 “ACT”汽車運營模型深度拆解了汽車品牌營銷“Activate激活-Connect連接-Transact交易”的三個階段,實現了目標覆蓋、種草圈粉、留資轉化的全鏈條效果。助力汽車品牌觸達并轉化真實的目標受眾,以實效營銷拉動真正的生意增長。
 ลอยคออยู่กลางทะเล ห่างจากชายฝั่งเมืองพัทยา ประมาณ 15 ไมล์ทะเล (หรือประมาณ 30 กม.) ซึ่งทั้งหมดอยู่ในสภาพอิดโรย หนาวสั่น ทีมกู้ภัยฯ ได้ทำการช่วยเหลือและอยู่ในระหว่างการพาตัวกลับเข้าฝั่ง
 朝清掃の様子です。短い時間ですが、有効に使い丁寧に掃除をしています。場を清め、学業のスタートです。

____________________

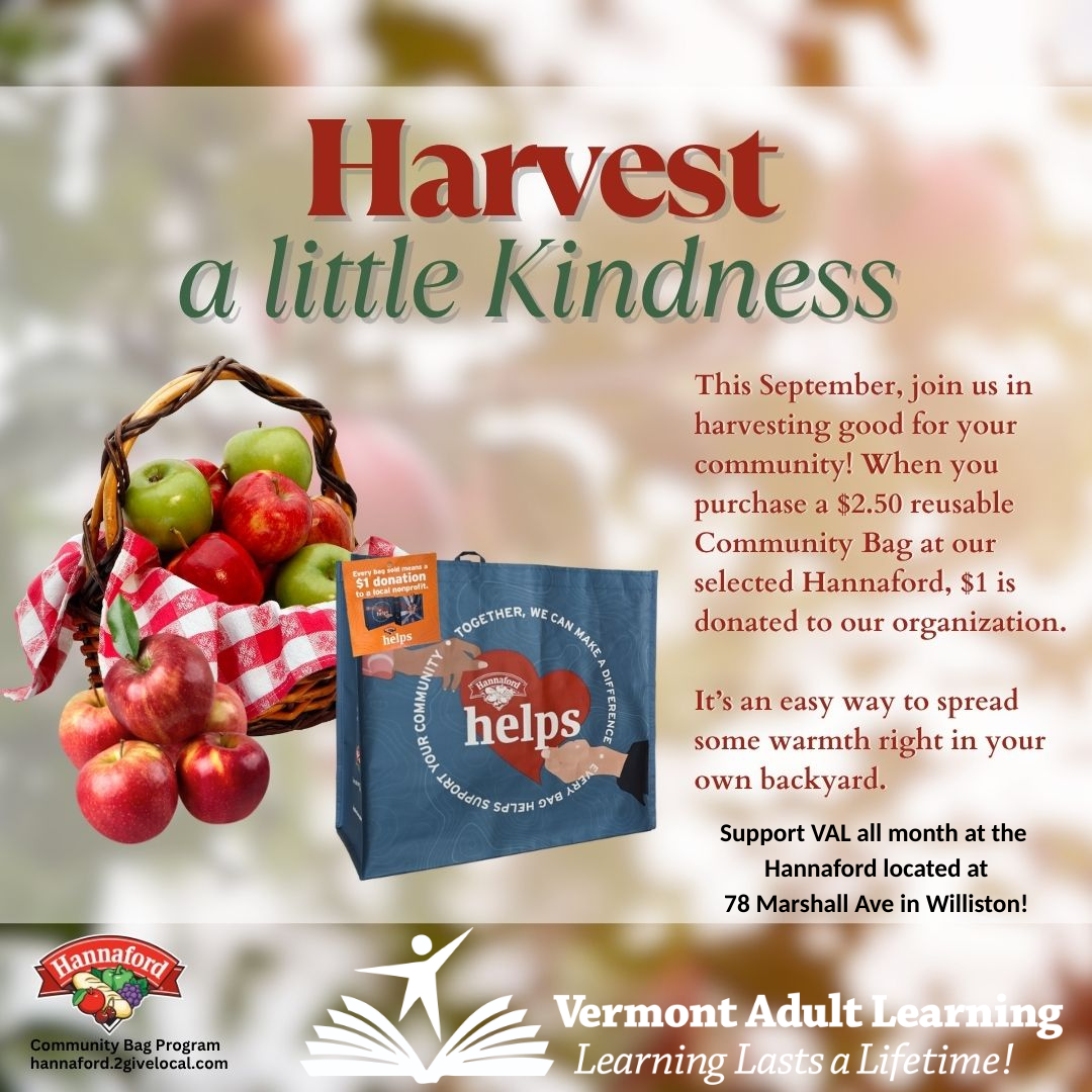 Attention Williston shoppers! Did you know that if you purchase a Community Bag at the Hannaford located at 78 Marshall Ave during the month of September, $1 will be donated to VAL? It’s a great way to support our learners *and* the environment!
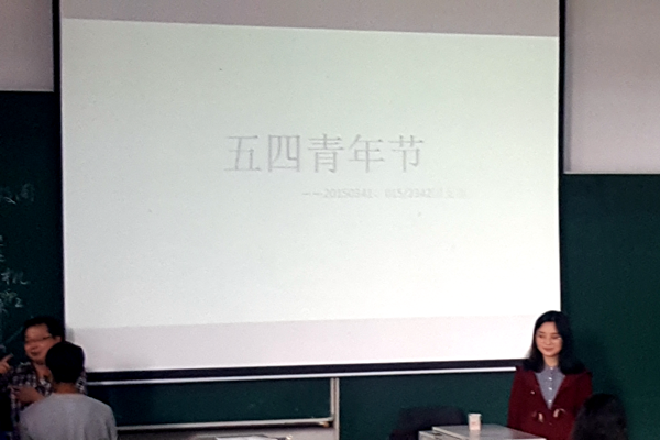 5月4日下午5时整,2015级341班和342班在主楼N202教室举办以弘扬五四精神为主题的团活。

____________________

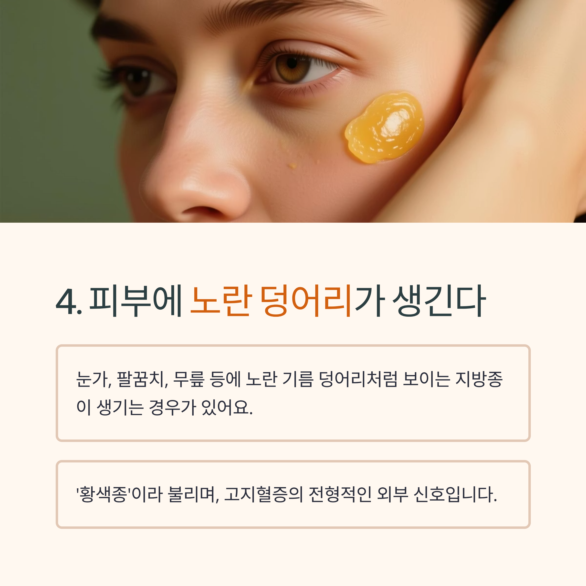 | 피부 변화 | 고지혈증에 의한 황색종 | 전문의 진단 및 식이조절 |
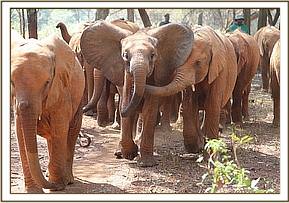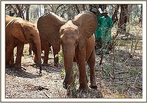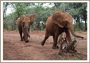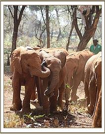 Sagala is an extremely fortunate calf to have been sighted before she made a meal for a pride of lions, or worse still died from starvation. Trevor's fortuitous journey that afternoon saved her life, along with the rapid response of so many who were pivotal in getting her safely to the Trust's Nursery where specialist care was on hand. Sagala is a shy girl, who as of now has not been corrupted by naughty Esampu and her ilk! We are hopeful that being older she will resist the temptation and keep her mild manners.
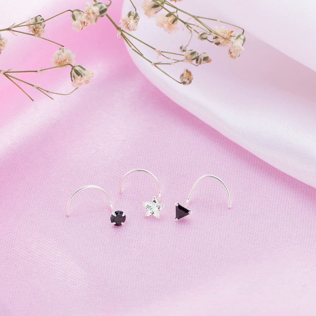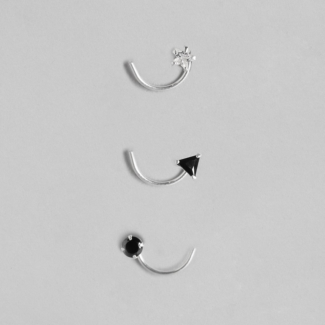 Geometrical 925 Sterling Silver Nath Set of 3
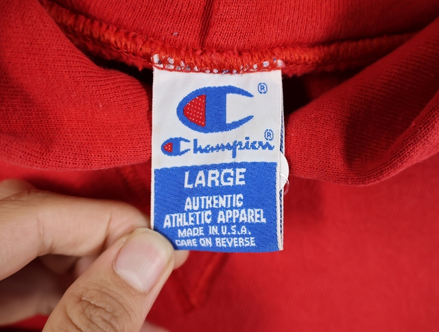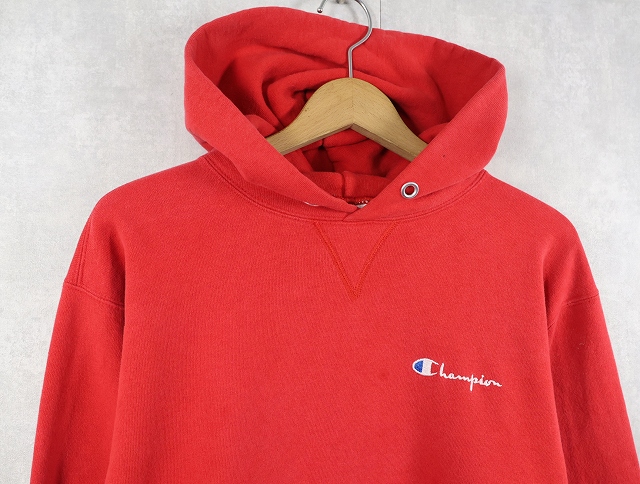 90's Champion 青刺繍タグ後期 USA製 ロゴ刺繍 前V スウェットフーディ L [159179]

____________________

Problem requirements. Given the listing above, retype only the span of lines from the line with "Geometrical 925 Sterling" up to and including the line with "90's Champion 青刺繍タグ後期", exactly as it stands and without pictures.

Response to the exercise.
 Geometrical 925 Sterling Silver Nath Set of 3
 90's Champion 青刺繍タグ後期 USA製 ロゴ刺繍 前V スウェットフーディ L [159179]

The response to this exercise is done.